Broad Run running back T.J. Peeler's one-game suspension was overturned and the senior was reinstated by the Virginia High School League on Thursday following an appeal by the school and a joint decision involving the Northern Virginia Football Officials Association and the principals of both Broad Run and Potomac Falls, the Spartans' opponent last Friday night.

One of the top running backs in the D.C. area, Peeler was suspended after receiving two unsportsmanlike conduct penalties early in the first quarter of the third-ranked Spartans' 47-7 win over Potomac Falls.

In accordance with VHSL rules, Peeler was ejected from the game for receiving the two unsportsmanlike conduct penalties and was suspended for the Spartans next game, a Virginia AA Region II semifinal on Nov. 20.

Speaking for the first time about the celebrations and suspension, Peeler said he was "just happy that I get to play" in the playoff opener.

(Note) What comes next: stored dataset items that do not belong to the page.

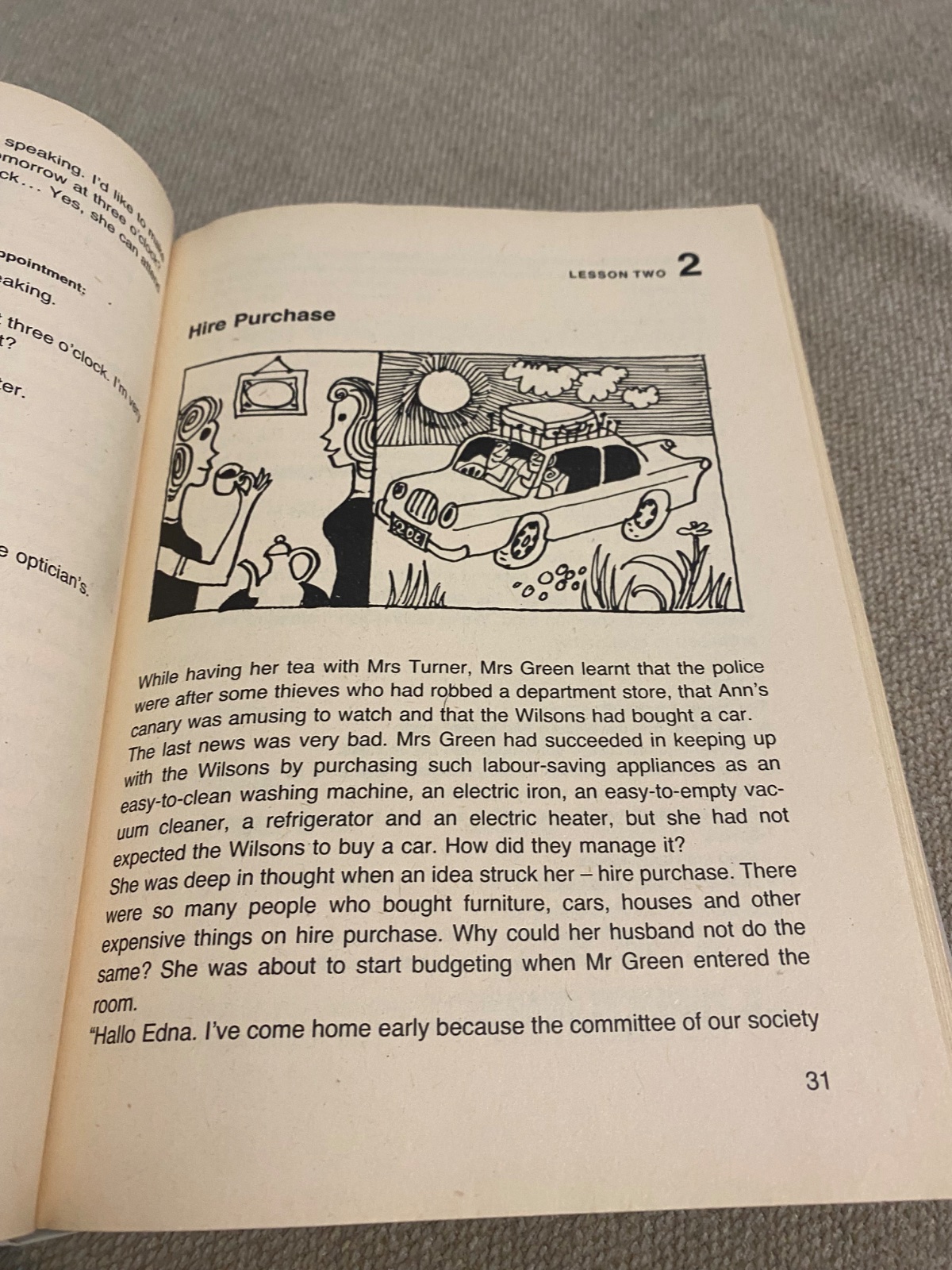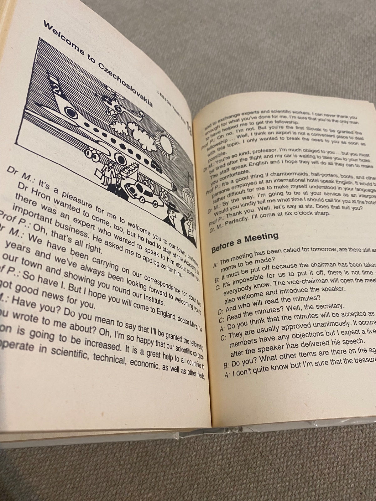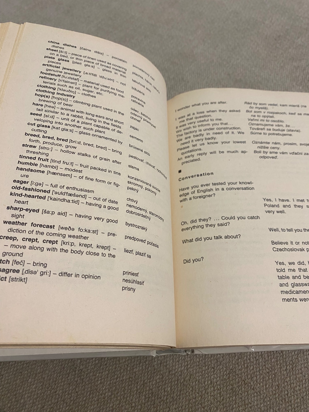 Konverzácia dopĺňa a precvičuje úvodnú tému. Upravili sme ju do stĺpcov, aby sa umožnilo čo najlepšie precvičenie. Najprv sa celý text prečíta, potom jeden poslucháč číta jeden stĺpec, zatiaľ čo druhý musí sám (bez čítania) konverzáciu dopĺňať. (Prvý poslucháč musí vlastnými slovami nadviazať na písaný text, ak sa jeho partner náhodou od danej témy vzdialil.)
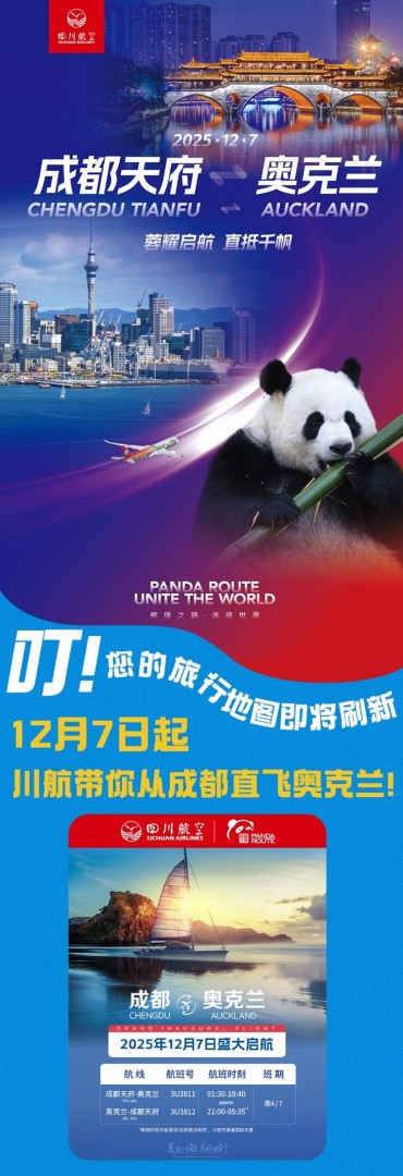 Sichuan Airlines will resume its direct flight service from Chengdu to New Zealand’s Auckland on December 7. As the key airway connecting central and western China with New Zealand, the resumption of flights features 2 additional flights per week aboard the ultra wide-body passenger aircraft A350. With greater transportation capacity and higher frequency, the service will set up a “golden air bridge” for economic, trade, and cultural exchanges between China and New Zealand, while delivering a more comfortable and enjoyable flight experience for passengers.
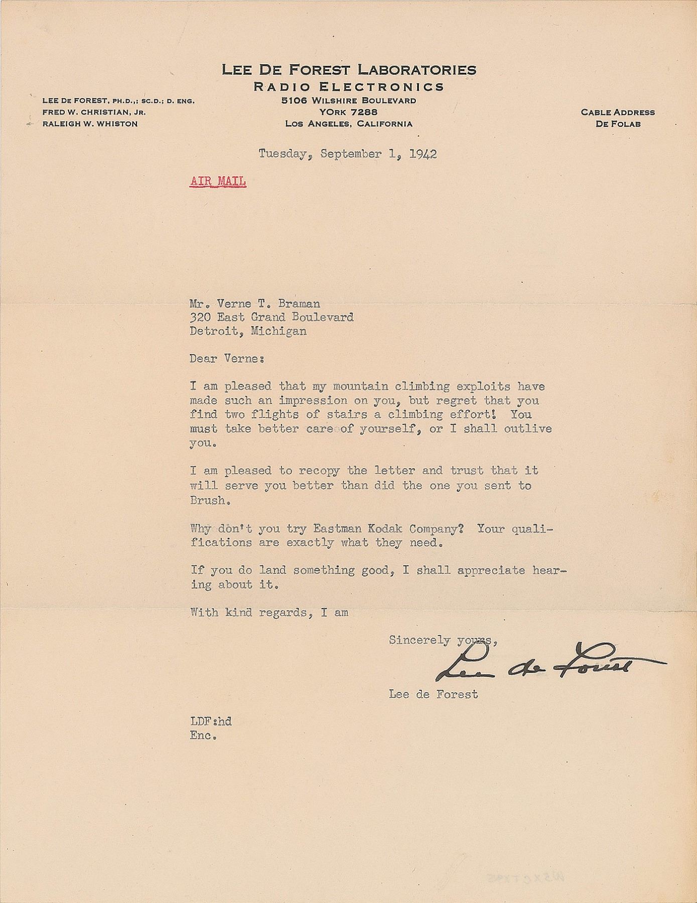 Prolific American inventor (1873–1961) often referred to as 'the father of radio' for his pioneering work in wireless telegraphy. TLS, one page, 8.5 x 11, Lee De Forest Laboratories letterhead, September 1, 1942. Letter to Verne T. Braman, in part: "I am pleased that my mountain climbing exploits have made such an impression on you, but regret that you find two flights of stairs a climbing effort! You must take better care of yourself, or I shall outlive you…Why don't you try the Eastman Kodak Company? Your qualifications are exactly what they need." In fine condition.

"Definitely you just want to move forward," Peeler said. "Forget about it, put it in the past and just play the game you've got next."

After scoring on a 63-yard touchdown run, Peeler, who has verbally committed to play for Pittsburgh, was flagged for chest-bumping a teammate in the back of the end zone. During the run, Peeler also raised his finger for 10 yards, signaling "No. 1," and clapped the football twice after scoring. Peeler's first penalty was called minutes earlier for a chest-bump on the Broad Run sideline after a teammate scored on a two-point conversion.

The calls were two of four penalties thrown on Broad Run for excessive celebration in the first six minutes of the contest. Two other incidents in which other Broad Run players celebrated with chest-bumps -- on or near the Spartans sideline -- also drew flags.

The calls spotlighted a stricter emphasis on excessive celebration calls by officials and area coaches questioned whether some seemingly innocuous celebrations, such as chest-bumps or pointing up at the sky, should fall under those restrictions.

"After reviewing everything and talking with the crew, basically our association has a [standard] what we're going to call excessive celebration and we don’t think, we're not talking about the second penalty everyone knows the second was excessive and [had] taunting, but the first one it was not that excessive, it was just an excitement type thing," said Dennis Hall, commissioner of the Northern Virginia Football Officials Association. "Not just that one, probably the first two [penalties called on Broad Run] shouldn’t have been called. They weren’t excessive, demonstrative or aimed at the other team. … We thought it was the right thing to do with the penalty."

Broad Run, the defending Virginia AA Division 4 champions, appealed the penalties on the grounds that the two chest-bumps were not excessive and did not taunt the opposing team, nor involve an extended individual action.

Spartans' Coach Mike Burnett said the program has always emphasized celebrating together and not at the detriment to the opposition, and that though he felt the players handled the situation the right way, there may still be something learned from the experience.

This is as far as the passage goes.